Alex sabía que una de las causas de que el número de carcayús estuviese descendiendo era su baja tasa de reproducción. Las hembras no tenían descendencia hasta los tres años, y habitualmente tenían dos crías cada dos años, por lo general la mitad machos y la mitad hembras. Así pues, cuando la hembra se moría a los diez años, lo más probable era que hubiese parido solo seis crías. La tasa de supervivencia de las crías de carcayú era solo del cincuenta por ciento, con lo que solían quedar tres: una hembra que, llegado el momento, sustituía a la madre, un macho que sustituía al padre y otro macho que se aventuraba por un nuevo territorio.

Dado que pasar a ese territorio nuevo suponía enfrentarse al peligro de las autopistas, del desarrollo hotelero, de los proyectos inmobiliarios y comerciales, de la extracción de petróleo y gas, de actividades de ocio, como montar en motos de nieve y heliesquiar, además de los omnipresentes tramperos y cazadores, las posibilidades de que el carcayú consiguiera sobrevivir eran muy reducidas.

Alex se levantó y se estiró. Echando una ojeada a su reloj, pensó que, dada la diferencia horaria, aún estaba a tiempo de pillar al doctor Brightwell en su despacho. Prefería las clases vespertinas y probablemente estaría relajándose después de haber estado poniendo notas. Se instaló en el taburete de al lado del teléfono y llamó.

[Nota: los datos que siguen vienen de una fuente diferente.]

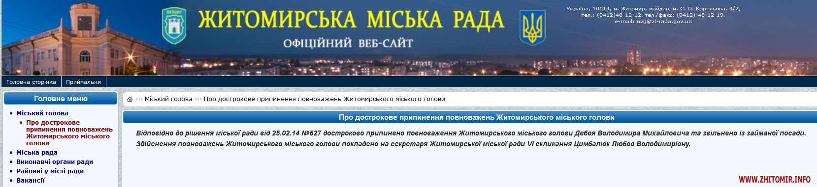 На официальном сайте Житомирского горсовета нет никакой информации о тех, кто сейчас руководит городом.

—Brightwell, dígame —oyó decir a aquella voz que tan bien conocía.

—Hola, Philip —saludó Alex sonriendo, contenta de oírle—. Soy Alex Carter.

—Bueno, doctora Carter. ¿Qué tal te va por el quinto pino de Montana?

—He capturado a dos carcayús con la cámara ¡y hasta he visto a un adulto con dos carcayús jóvenes!

—¿De veras? ¡Estupendo!

—La verdad es que este proyecto es alucinante. Deberías ver las montañas de por aquí. Impresionantes.

—Suenas mejor. Más contenta.

Alex sonrió a la vez que le nacía una sensación agridulce en el estómago. Lamentaba cómo habían terminado las cosas con Brad, pero ahora iba bien encarrilada. Necesitaba estar en medio de la naturaleza.

—Tenías razón. Creo que la ciudad me estaba minando el ánimo poco a poco.

—¿Qué te parece la gente de la fundación territorial?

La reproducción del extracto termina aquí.